To examine which importance governance has for this topic, it needs to be clarified what governance is. Governance can be defined as the legal and factual regulatory framework for the management and supervision of a project. In general, incomplete contracts and differing interests offer stakeholders both opportunities and motives for opportunistic behavior. Governance regulations have the task of restricting the scope and motives of stakeholders for opportunistic behavior through appropriate legal and factual arrangements. In this particular case, it refers to the framework, which is required to be set up in the given use case. Since this use case refers to governance in a blockchain-based use case, the focus should be on governance in the blockchain.
We know that governance is one of the fundamental aspects of blockchain design. Blockchain governance is the mechanism by which design changes are enacted and regulated on a blockchain (ListedReserve, 2018). Blockchain-based systems are initially set up to succeed in the long term. To ensure long-term success, it is important to not only incorporate the necessary technical framework, but also a governance structure. This should ensure that people are able to coordinate the further development of the blockchain ecosystem implemented.
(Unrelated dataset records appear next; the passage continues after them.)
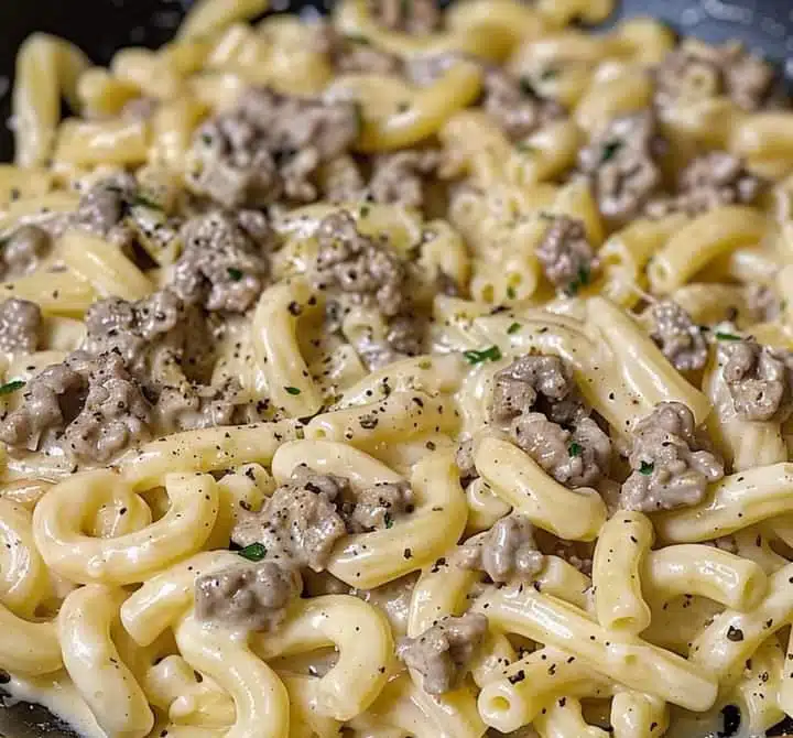 Creamy Ground Beef Alfredo Pasta
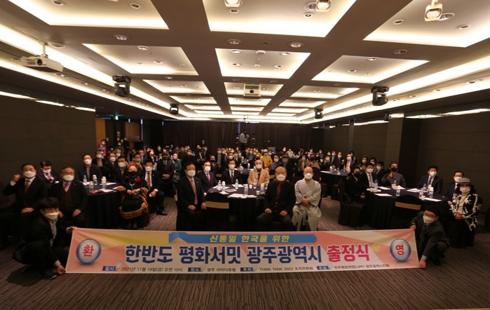[세계로컬타임즈 김준행 기자] 신통일한국을 위한 ‘한반도 평화서밋 광주광역시 출정식’이 장희정 한국웅변연설인중앙회 명예회장의 사회로 이상재 천주평화연합(UPF) 한국공동회장을 비롯해 광주지역 전.현직 의원 및 지도자 100여명과 오프라인 5000여명이 시청한 가운데 광주 라마다 호텔(4층 대연회장)에서 열렸다.
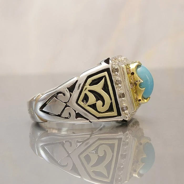 انگشتر نقره مردانه فیروزه نیشابوری کد S2225
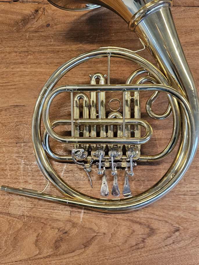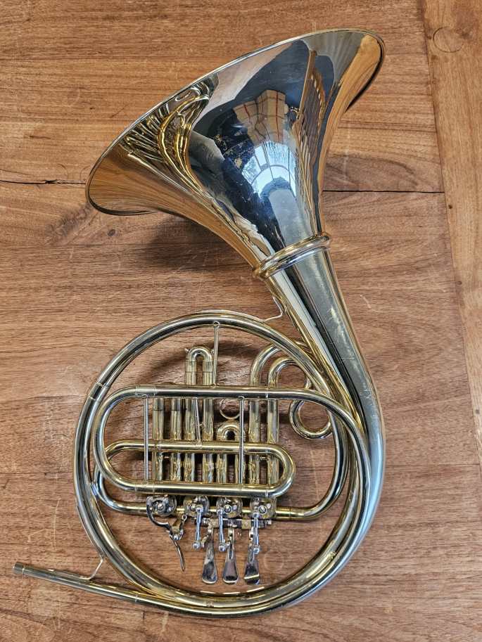 Dit instrument heeft een afneembare beker en is daardoor makkelijk te vervoeren (platte koffer). De hoorn is schoongemaakt en alle ventielen en schuiven zijn gemakkelijk te bewegen.

While the theoretical perspective of IT governance has been a topic of interest for several decades (Brown and Grant, 2005), Weill presented an IT-governance framework (Weill et al., 2004). This framework is based on three dimensions: decision rights, accountability, and incentives. An overview of the concepts is given below in Figure 1.
Firstly, the dimension of decision rights should be elaborated further. In a traditional company, the decision-making process often is not transparent enough, due to the lack of transparency-providing structures. With regards to SMEs, decision-making rights often are only inherent to a small circle of people, which may or may not be governed by an additional board. Furthermore, if such companies are not listed on a stock exchange, they do not have to publish any relevant information to the public, which furthermore strengthens the lack of transparency. In a DLT-based environment, it first needs to be elaborated about how decision-making works. Compared to traditional structures, decision-making moved from an authoritative process to a collaborative effort over the past years. As van Rijmenam, Schweitzer and Williams noted (2018), with the introduction of a multitude of blockchain companies, the concept of decision-making will again change. In the area of blockchain, decision rights switch from the concept of “who can decide on a company’s activities”, to “who has the responsibility and authority to provide doings on a platform”. This includes two more steps as well, first how earlier made decisions and a future decision will be executed, and how the interoperability of a particular system can be decided by those equipped with the decision-rights, ultimately possessing control over inter-organizational boundaries (Constantinides, Henfridsson and Parker, 2018). A well-known problem towards decision making is still, that not all participants in one framework have perfectly aligned interests. Therefore, conflicts could arise, which need to be resolved to guarantee optimal usage of a blockchain platform.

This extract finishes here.